Scrabble dictionaries and rule-books were close at hand, but the 28 Stevens Creek Elementary School pupils who recently squared off with the popular board game concentrated more on having fun.
Nearly 50 pupils have signed up for a Scrabble club the school started in November for fourth- and fifth-graders.
The group meets each Monday after school in the media center.
"We were just shocked at the level of play, and it's a nice way to bring up those who are struggling a little bit," said fourth-grade teacher Leah McKechnie, the club's sponsor.
The children filled the tables in the media center, and those who could not find space at a table took their boards to the floor.
"Competition has gotten a bad rap in the past few years, but we believe in competition," McKechnie said. "I think it's a safe way to become involved in competition."
McKechnie said she would like to send a team to the National School Scrabble Championship next year.
In the meantime, McKechnie hopes to start an area rivalry.
"One of our goals is to encourage other schools," she said. "We would love to have an intra-county Scrabble championship."

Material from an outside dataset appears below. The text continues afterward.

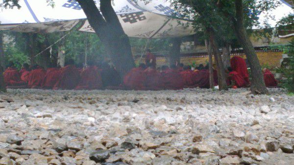 参观完大殿,我们顺道一条陡直的小道,来到一处偏僻的小院落,指示牌上写着“辩经场”,因为是很严肃的考试,次仁顿珠示意我们不要打扰到僧人,安静地坐到门口观看。院子里的大树间挂上遮雨的帐布,煨桑的白烟不时飘到帐布里,僧人们分二边对坐,经师坐在主位,辩经的双方则在大家的见证下问答。天空好像为了应景,降下了轻轻的小雨,让僧人们的击掌声、问答声更显空灵。虽然听不懂他们问答的内容,但从每一次的击掌和问答中能够感受到他们的信念。尽管是夏季,雨水却是冰冰的,有着冬的寒意,对辩的双方并没有受到影响,依旧针锋相对,使我们不得不佩服信仰的力量。辩经是藏传佛教中最有特色的传统,次仁顿珠很专心地听着辩经,即使辩经使用的是藏语,藏族人也不见得完全听懂,但我还是试着问次仁顿珠问答的内容,他只是笑笑,看来是只可意会难以言传的。不过这就是一种仪式,僧人可以从中领悟佛法的深意,听者可以从中体会到神灵的力量,无论是谁,都能从中使自己变得更强大。

She said the development of social skills, such as taking turns and supporting one another, has been welcomed by-products of the club.
Leighton England-Doolittle, 9, was at the club for the second time, but he said he has played Scrabble at home.
"I think it's very fun, and the game is kind of a challenge," he said.
His playing partner Gmoe Alley, 9, is a charter member of the club.
He said his grandfather bought him a Scrabble game because he only had played Junior Scrabble before.
Gmoe, who said he has gotten "pretty good" at the game, enjoyed more than the competitive aspects.
"You get to see friends that you don't usually see that are in different classes," he said.
Nereida Fletcher, 10, said she has been going to the club for a while.
"You get to learn new stuff. You can spell a lot of words that you never knew," she said.
"It's kind of a challenge, especially when you're good at it."
Her partner, Andrew Savoie, 9, said he has been playing Scrabble for about six months.
"Many people really can't beat me, because I beat my mom," he said.